The interpretation of section 76(1)(b) of the Labour Relations Act.
Case:
National Union of Metalworkers of South Africa v Trenstar (Pty) Ltd (CCT 105/22 [2023] ZACC 11 (Trenstar).
Introduction:
The general rule is that an employer may not use replacement labour, known as “scab labour”, to perform the work of locked-out employees. An exception to this rule, provided for in section 76(1)(b) of the Labour Relations Act, is that the employer may use scab labour if the lock-out is in response to a strike. In this matter, the Constitutional Court dealt with the interpretation of that exception and the meaning of the words “in response to a strike”.
Background:
In the lead up to this case, NUMSA demanded, on behalf of its members, that Trenstar pay a once-off taxable gratuity to employees (“the demand”). The parties were unable to reach an agreement on the demand and NUMSA referred a dispute to the CCMA for conciliation. The dispute remained unresolved after conciliation and NUMSA issued notice to Trenstar that its employees would embark on a strike in support of their demand. The strike began on 26 October 2020.

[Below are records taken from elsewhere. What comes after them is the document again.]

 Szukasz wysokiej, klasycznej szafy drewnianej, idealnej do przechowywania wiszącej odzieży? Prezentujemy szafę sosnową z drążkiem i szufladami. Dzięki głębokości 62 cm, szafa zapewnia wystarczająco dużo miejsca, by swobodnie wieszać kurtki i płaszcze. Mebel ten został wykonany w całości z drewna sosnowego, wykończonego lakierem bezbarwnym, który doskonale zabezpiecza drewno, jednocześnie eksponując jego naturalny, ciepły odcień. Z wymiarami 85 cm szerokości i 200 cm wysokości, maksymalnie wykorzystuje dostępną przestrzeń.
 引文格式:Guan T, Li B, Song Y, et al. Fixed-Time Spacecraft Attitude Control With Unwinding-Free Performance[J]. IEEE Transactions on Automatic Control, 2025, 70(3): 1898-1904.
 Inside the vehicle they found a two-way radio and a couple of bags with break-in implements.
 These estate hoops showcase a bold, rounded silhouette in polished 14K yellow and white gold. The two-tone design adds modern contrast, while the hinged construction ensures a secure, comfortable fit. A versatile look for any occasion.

On 20 November 2020, NUMSA notified Trenstar that its members would suspend the strike; however, that suspension was not to be interpreted as a withdrawal of the demand. On the same day, and shortly after receipt of the notification, Trenstar gave 48 hours’ notice of a lock-out to all NUMSA members. Trenstar recorded that the lock-out was in response to the NUMSA members’ strike action and section 76(1)(b) of the LRA was accordingly applicable. On this interpretation, Trenstar considered itself entitled to use replacement labour.

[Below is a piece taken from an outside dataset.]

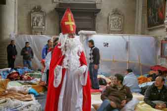 St. Nicholas visiting undocumented Afghan migrants staying in the Église du-Béguinage (Beguinage Church) on 8th December in Brussels, Belgium; an initiative of the local volunteer group CRER – Coordination Contre les Rafles, les Expulsions et pour la Régularisation (Coordination against raids and deportation and for regularization) to bring presents to undocumented migrant children.
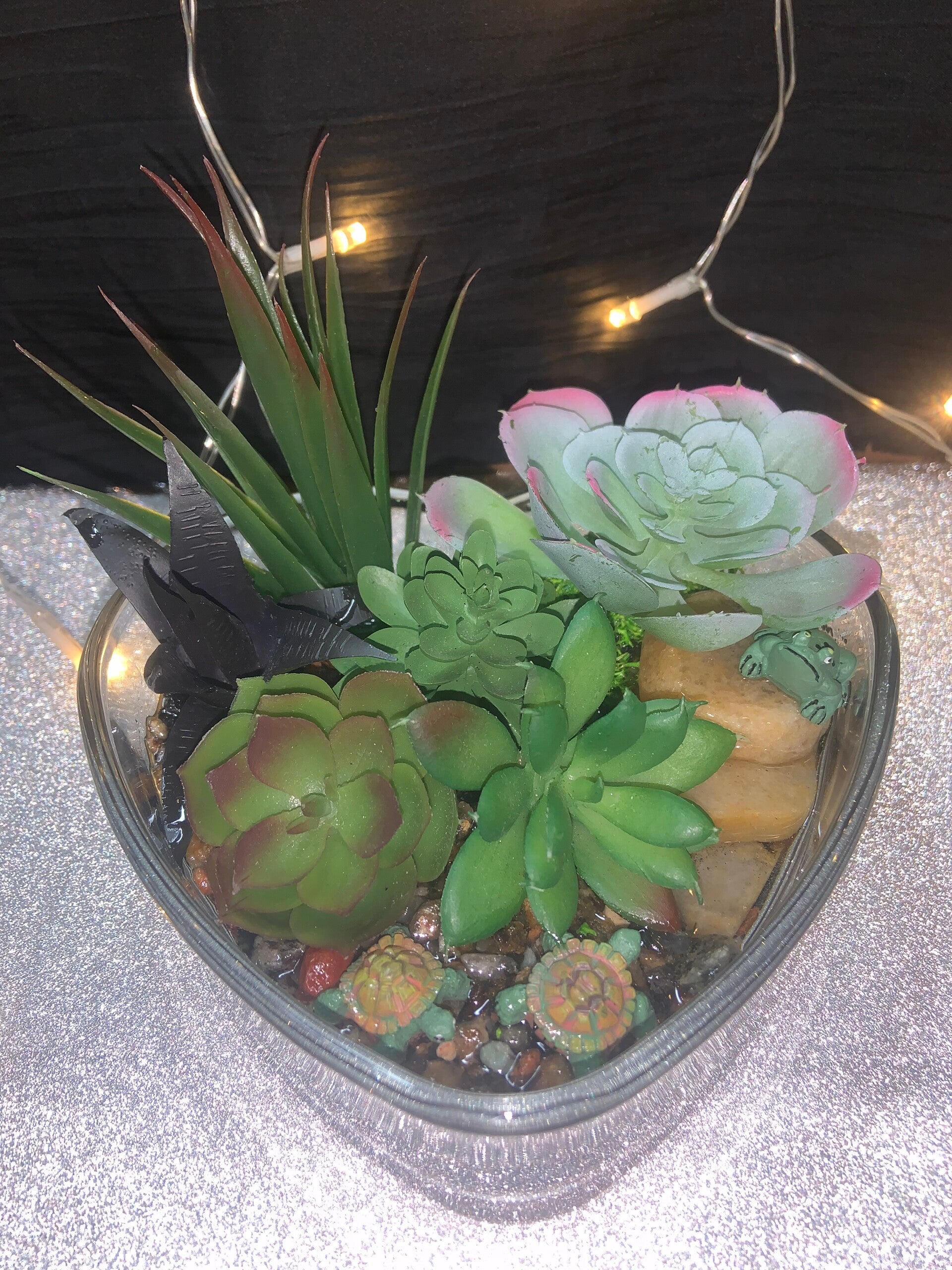 Introducing the heart-shaped terrarium, a unique and charming way to bring a touch of nature into your home. This terrarium is filled with a variety of cacti and succulents, creating a beautiful and little to no maintenance indoor garden. The heart shape adds a playful and romantic touch to any space, making it a perfect gift for loved ones or a lovely addition to your own home decor. The terrarium is easy to care for, as the succulents and cacti thrive in the contained environment, requiring no watering or sunlight. This makes it an ideal choice for those with a busy lifestyle or those who want to bring a touch of greenery to their living space without the hassle of a traditional potted plant.

NUMSA approached the Labour Court (“LC”) on an urgent basis for an order interdicting Trenstar from using scab labour. In its court papers, NUMSA argued that the lock-out was not in response to a strike. The LC dismissed NUMSA’s application, stating that “strike” in terms section 76(1)(b) of the LRA qualified the type of lock-out during which replacement labour may be used – that the lock-out was in response to the strike, as opposed to an “offensive” lock-out, where the employer initiates industrial action.

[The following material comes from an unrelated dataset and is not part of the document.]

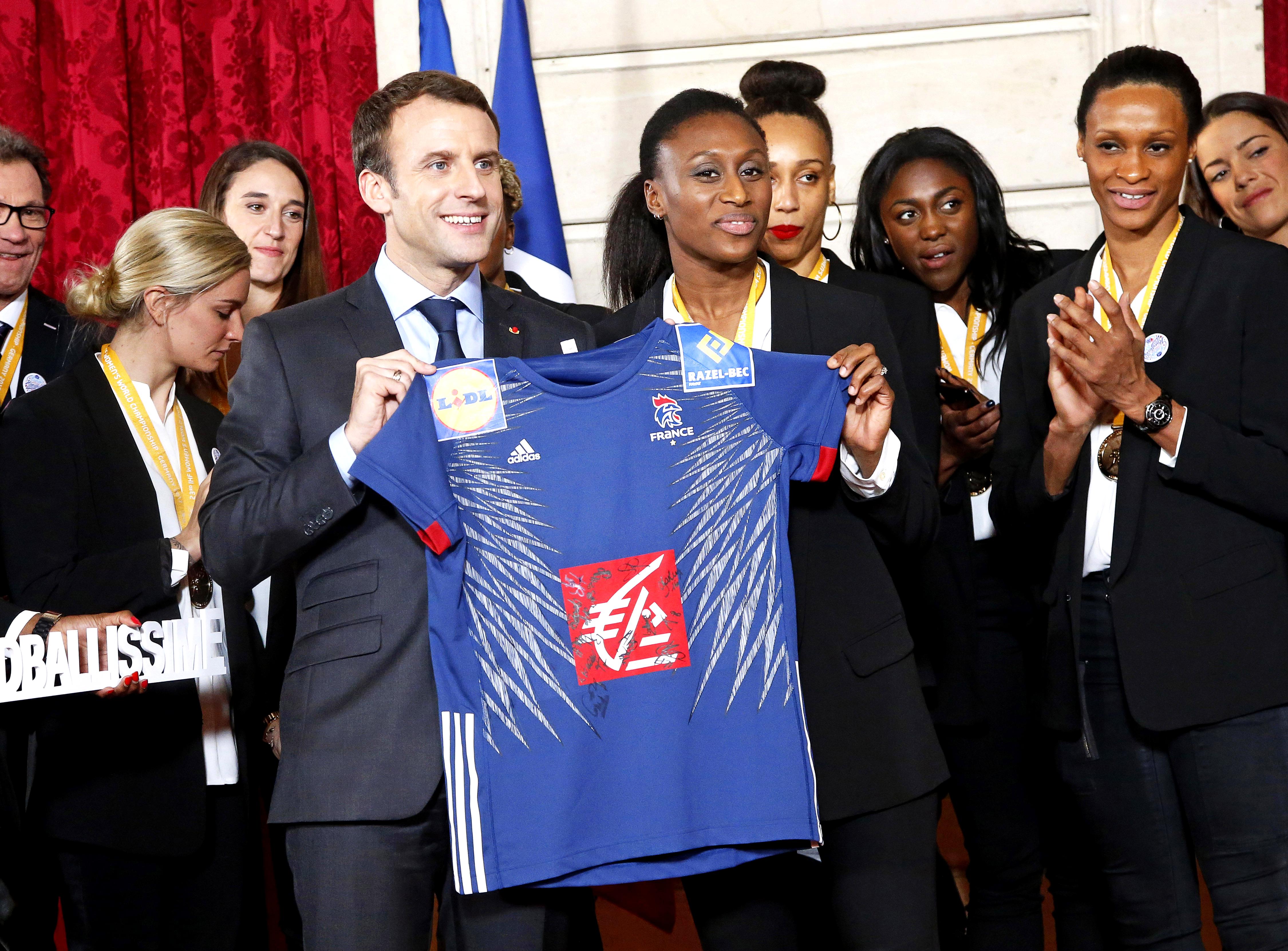 Новите европски ракометни шампионки, репрезентативките на Франција за историскиот успех добија признание и од претседателот на државата, Емануал Макрон. Светските и континентални првенки му подарија дрес на претседателот за време на приемот во Елисејската палата.

NUMSA appealed to the Labour Appeal Court (“LAC”), which appeal was dismissed on the basis that the matter had since become moot as both the strike and lock-out had concluded.
Dissatisfied with the outcome of the LAC, NUMSA then approached the Constitutional Court, arguing that this matter was of Constitutional importance as it concerned the interpretation of legislation which gives effect to labour relations rights found in section 23 of the Constitution. The Constitutional Court, argued NUMSA, had jurisdiction as the interpretation of section 76(1)(b) was of general public importance. The Constitutional Court granted leave to appeal on the basis that it was in the interests of justice to do so.
Constitutional Court interpretation:
The Constitutional Court had to determine two legal issues on the merits of this case, namely, the distinction (if any) between suspended and terminated strikes, as well as the proper interpretation of “in response to a strike” under section 76(1)(b) of the LRA.
The Constitutional Court considered the definitions of “strike” and “lock-out” in section 213 of the LRA. Importantly, a strike means “the partial or complete refusal to work, or the retardation or obstruction of work…”. The court reasoned that once the strike was suspended, and the employees had tendered their services, there was no refusal to work. What remained was a demand, but “a demand unaccompanied by a concerted withdrawal of labour is not a strike”. As there was no longer a strike, the lock-out was not in response to a strike. Consequently, the court found that “employers cannot bring in replacement labour in the context of a lock-out during a suspended strike”.
The lesson is that a suspended strike is not a strike, and scab labour is not allowed when a strike has been suspended.